EUX AUSSI AVAIENT CRU AUX ACCORDS D’ÉVIAN

“ A partir de cette minute, il n’y a plus un seul hectare de terre qui appartienne à des colons”

Ces paroles, prononcées le 1er octobre par M. Ben Bella sur le forum d’Alger, devant cent mille auditeurs enthousiastes, continuent à elles seules huit violations des accords d’Evian.

Dans ceux-ci, en effet, l’engagement par l’Algérie de respecter les biens des ressortissants Français est inscrit, en toutes lettres, à huit reprises.

Mais que reste-t-il encore dix-neuf mois après leur signature, des accords d’Evian?

ENGAGEMENTS PRIS PAR LE GOUVERNEMENT FRANCAIS

TOUS RESPECTÉS

L’OCTROI DE L’INDÉPENDANCE TOTALE à partir du 1er Juillet 1962.

UNE AIDE FINANCIÈRE. 1050 millions de francs figurent à ce titre au budget de l’Etat, et pour 1963, et 1 010 millions au projet de budget 1964.

UNE AlDE ÉCONOMIQUE. Les surplus de la production algérienne (agrumes, primeurs et vins) ont été admis sur le marché français - Malgré l'hostilité des viticulteurs français, les 10 500 000 hectolitres prévus à l’accord franco-algérien de janvier 1963 ont été admis intégralement en France.

UNE AIDE TECHNIQUE IMPORTANTE.

18000 Français - 13000 enseignants, 5000 techniciens et agents de l’administration se trouvent actuellement à la disposition de l'Algérie au titre de la coopération.

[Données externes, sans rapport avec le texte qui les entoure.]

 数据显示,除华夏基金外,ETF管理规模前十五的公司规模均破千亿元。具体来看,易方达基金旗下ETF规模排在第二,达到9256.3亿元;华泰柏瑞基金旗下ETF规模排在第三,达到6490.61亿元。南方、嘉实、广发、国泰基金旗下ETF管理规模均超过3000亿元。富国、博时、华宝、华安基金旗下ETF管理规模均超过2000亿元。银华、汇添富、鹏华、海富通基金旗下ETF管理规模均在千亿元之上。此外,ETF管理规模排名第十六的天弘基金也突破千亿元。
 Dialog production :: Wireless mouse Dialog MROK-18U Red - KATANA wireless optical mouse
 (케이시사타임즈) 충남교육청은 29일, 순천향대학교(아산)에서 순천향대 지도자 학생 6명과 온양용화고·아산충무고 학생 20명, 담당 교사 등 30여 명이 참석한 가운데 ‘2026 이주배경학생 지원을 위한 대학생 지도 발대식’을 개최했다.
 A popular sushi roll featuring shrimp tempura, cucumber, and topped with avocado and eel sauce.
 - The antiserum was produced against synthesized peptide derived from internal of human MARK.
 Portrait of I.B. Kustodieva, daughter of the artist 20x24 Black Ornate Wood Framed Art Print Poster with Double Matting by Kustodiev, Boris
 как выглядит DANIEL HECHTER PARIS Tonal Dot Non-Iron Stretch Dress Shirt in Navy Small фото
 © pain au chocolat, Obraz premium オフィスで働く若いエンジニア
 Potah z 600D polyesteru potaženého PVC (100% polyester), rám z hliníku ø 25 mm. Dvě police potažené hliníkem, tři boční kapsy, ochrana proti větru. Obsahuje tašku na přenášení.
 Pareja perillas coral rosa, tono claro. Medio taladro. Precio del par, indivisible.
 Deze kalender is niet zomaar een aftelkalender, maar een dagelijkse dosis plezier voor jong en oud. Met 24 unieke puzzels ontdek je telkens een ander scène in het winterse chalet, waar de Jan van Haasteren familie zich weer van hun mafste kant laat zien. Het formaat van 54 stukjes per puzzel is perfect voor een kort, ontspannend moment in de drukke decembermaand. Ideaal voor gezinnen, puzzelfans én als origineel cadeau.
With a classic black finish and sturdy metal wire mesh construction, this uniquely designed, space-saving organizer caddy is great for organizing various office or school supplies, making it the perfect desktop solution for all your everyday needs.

LES BATIMENTS appartenant a l’Etat français en Algérie ont été ou vont être transférés l'Etat alqérien.

EFFECTIF DES TROUPES FRANÇAISES en Algérie a été ramené en dessous du chiffre prévu de 80000 hommes. L'évacuation totale (à l'exception des garnisons autorisées à rester pendant quinze ans) sera terminée on 1964, c'est-à-dire plutôt que les accords ne le prévoyaient.

VIOLÉS

• Les Français restant en Algérie, auraient dû garder le droit d’acquérir de céder la propriété de tous les biens meubles et immeubles, de les gérer, d’en jouir sous réserve des dispositions concernant la reforme agraire, ( Déclaration des garanties, 3eme partie.)

• Les Français quittant définitivement l’Algérie devaient pouvoir « transporter leurs biens mobiliers, liquider leurs immeubles et transférer leurs capitaux ». (Déclaration des garanties, 3ème partie )

• Pour la reforme agraire, « un plan de rachat préalable » des terres devait etre établi par l’Algérie et soumis à la France. (Convention économique, art. 13.)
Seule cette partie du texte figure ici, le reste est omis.